PRAYER MEETING TALKS.

Evangelistic Services-How to conduct them. -A person said to me, "What do you mean by Evangelistic services? Is not all service Evangelistic? What do you mean by preaching the Gospel? Are not all services in churches and all meetings preaching the Gospel?" No. There is a good deal of difference. There are three services at least there ought to be-in every church, and every one ought to keep them in their mind. There is worshipping God. That is not preaching the Gospel at all. We come to the house of God to worship at times, when we meet around the Lord's table-that is worship, or ought to be. Then there is teaching-building up God's people. That is not preaching the Gospel. Then there is proclaiming the good news of the Gospel to the world, to the unsaved. Now, the question we have before us is, How can these services be conducted to make them profitable? Well, I should say you have to conduct them to interest the people. If they go to sleep, they certainly want to be roused up, and if one method don't wake them up, try another. But I think we ought to use our common sense, if you will allow me the word. We talk a good deal about it, but I think it is about the least sense we have, especially in the Lord's work. If one method don't sucsucceed, let us try another. This preaching to empty seats don't pay. If people won't come to hear us, let us go

where they are. We want to preach. Go into some neighborhood and get some persons to invite you into their house, and get them into the kitchen, and preach there; but make it a point to interest the people, and as soon as they get interested they will follow you and fill the churches.

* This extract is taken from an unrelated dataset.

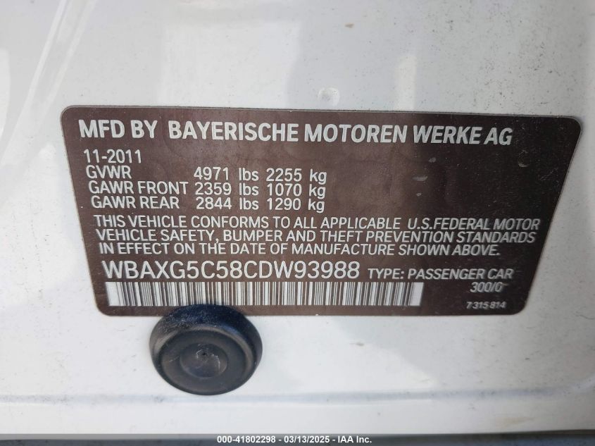 2012 BMW 5 SERIES 2012 Gasoline, 2.0, Rear wheel drive, VIN - WBAXG5C58CD****** from the USA

Now I have come to this conclusion, that if we are going to have successful Gospel meetings, we have got to have a little more life in them. Life is found in singing new hymns, for instance. I know some churches that have been singing about a dozen hymns for the last twenty years, such hymns as "Rock of Ages," "There is a fountain filled with blood," etc. The hymns are always good, but we want a variety. We want new hymns as well as the old ones. I find it wakes up a congregation very much to bring in now and then a new hymn. And if you cannot wake them up with preaching let us sing it into them. I believe the time is coming when we will make a good deal more of just singing the Gospel. Then when a man is converted let us have him in these meetings giving his testimony. Some people are afraid of that. I believe the secret of John Wesley's success was that he sent every man to work as soon as he was converted. Of course you have to guard that point. Some say they become spiritually proud-no doubt of that; but if they don't go to work they become spiritually lazy, and I don't know what's the difference.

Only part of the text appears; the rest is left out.